Patients and Methods
The retrospective study was conducted in Chinese patients with psoriasis. Demographic and clinical information were collected. Multivariable logistic regression analyses (calculating adjusted odds ratios [AORs]) were used to analyze data.
Results
We continually enrolled 2270 patients (1496 males and 774 females) with psoriasis based on inclusion criteria. Disease duration (AOR=1.06, 95% CI: 1.05–1.07), hyperlipidemia (AOR=1.77, 95% CI: 1.06–2.98) and smoking (AOR=1.40, 95% CI: 1.17–1.68) were significantly associated with severe psoriasis in autumn/winter. Age (AOR=0.98, 95% CI:0.97–0.99) and occupations with more sunlight exposure (AOR=0.78, 95% CI: 0.61–0.99) were negatively associated with the seasonal aggravation. Subgroup analysis showed that occupations with more sunlight exposure (AOR=0.64, 95% CI: 0.43–0.94) were protective factors only in late-onset psoriasis but not early-onset, while smoking (AOR=1.39, 95% CI: 1.11–1.74) was risk factor in the early-onset psoriasis.
Conclusion
Psoriatic patients who had occupation with more sunlight exposure were less likely to report aggravation of psoriasis in autumn/winter. On the contrary, smoking and hyperlipidemia were positively associated with the seasonal aggravation. Additional prospective study is needed to identify the causality.

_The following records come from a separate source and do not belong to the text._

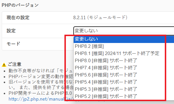 PHPの古いバージョンの提供終了
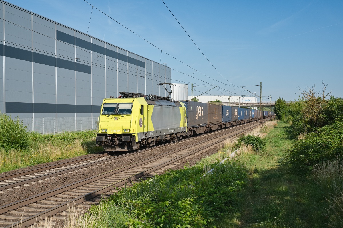 Dto. 186 117-5 am 22.06.2025 bei Groß-Gerau (FGER) mit einem KLV Rtg. Osten/Weiterstadt (FWI)...
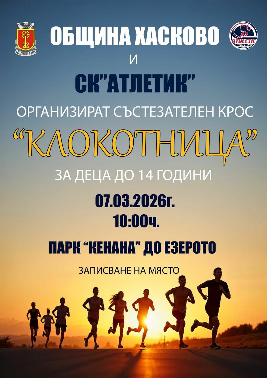 Лекоатлетически крос „Клокотница“ за деца от 6 до 14 г. ще стартира от 10:00 ч. на 07.02.2026 година в парк „Кенана“ (пътя към „Зоопарк“ – Хасково). Записване за участие в кроса за различните възрастови групи ще е на място от 9:30 ч.
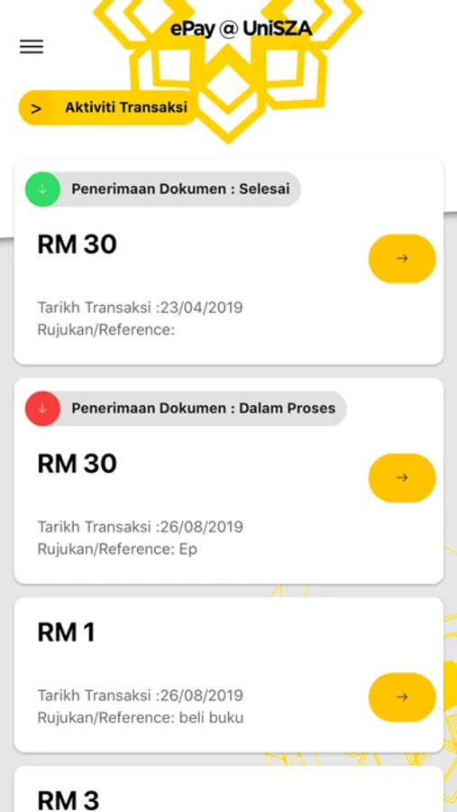 Sebuah aplikasi rasmi ini dibangunkan untuk memudahkan pengurusan pembayaran tanpa tunai di UniSZA melalui telefon pintar selain pembayaran melalui wallet dan transaksi atas talian.
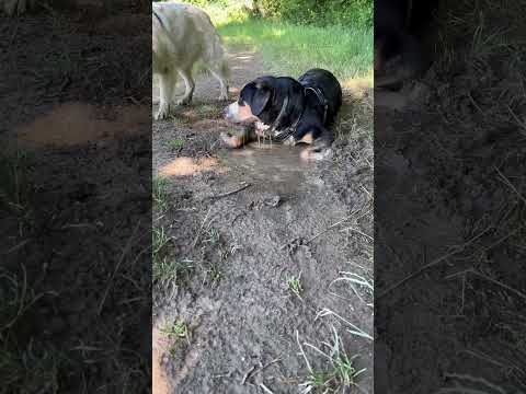 Grosser Schweizer Sennenhund/Grand Bouvier Suisse/Sky nimmt ein Schlammbad
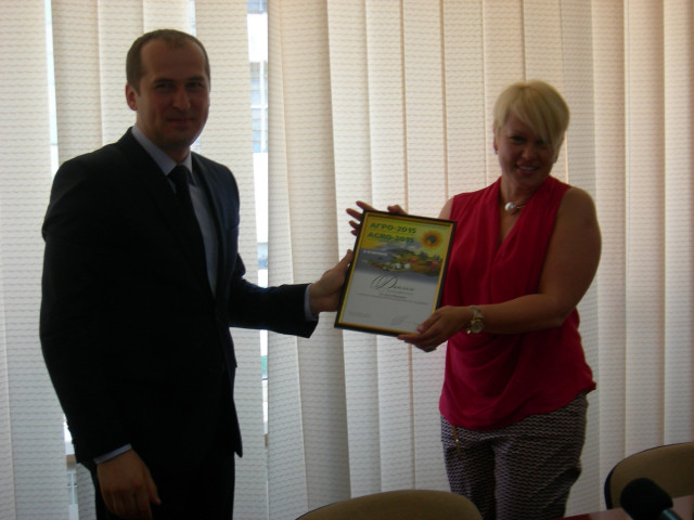 На завершення робочої зустрічі, Міністр вручив керівникам сільськогосподарських підприємств дипломи за участь у XXVII Міжнародній агропромисловій виставці «АГРО-2015».
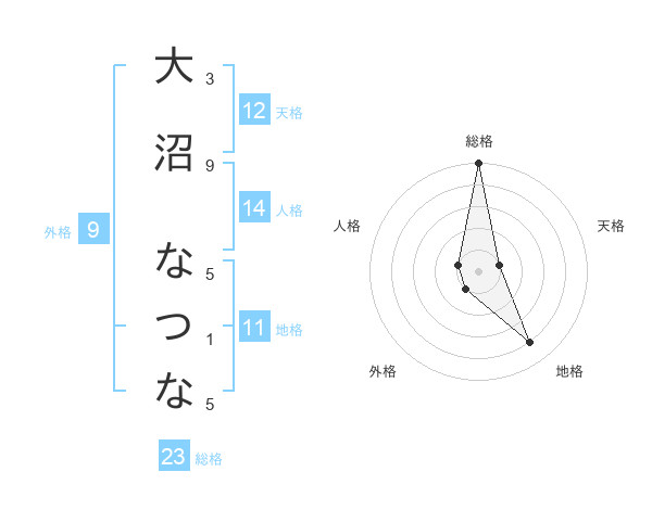大沼 なつなさんを姓名の画数から五運を鑑定

Keywords: psoriasis, seasonal variation, weather, occupational exposure, ultraviolet, smoking
Introduction
Psoriasis is an auto-inflammatory skin disease characterized by red or silver scaly plaques, typically distributing the elbows, knees, and scalp. The prevalence of psoriasis ranges from 0.09% to 11.4% globally,1,2 the prevalence is between 0.17% and 0.59% in China.3,4 Though the pathophysiology of psoriasis remains unclarified, it is identified that psoriasis can be induced by genetic and environmental factors.5,6 It is known that infections,6 psychological stress,6 diet,6,7 medication,6,7 smoking,6–10 alcohol drinking,6,9,11 so as the cold and dry weather,12 could trigger the flare-ups of psoriasis. Systemic inflammation together with demographics13 could drastically influence the prescription of treatment and therapeutic response by increasing psoriasis-related comorbidities burden (ie, cardiovascular,14 respiratory15 or hepatic disease16). Previous studies confirmed that psoriasis conditions vary with the season, and severe psoriasis were more likely to happen in cold season, such as autumn or/and winter.12 The seasonal patterns of psoriasis have been commonly observed in clinical practice. Many studies with different designs have investigated the seasonality of psoriasis.12,17–20 However, to our knowledge, no published research has investigated the risk factors associated with the seasonal variation.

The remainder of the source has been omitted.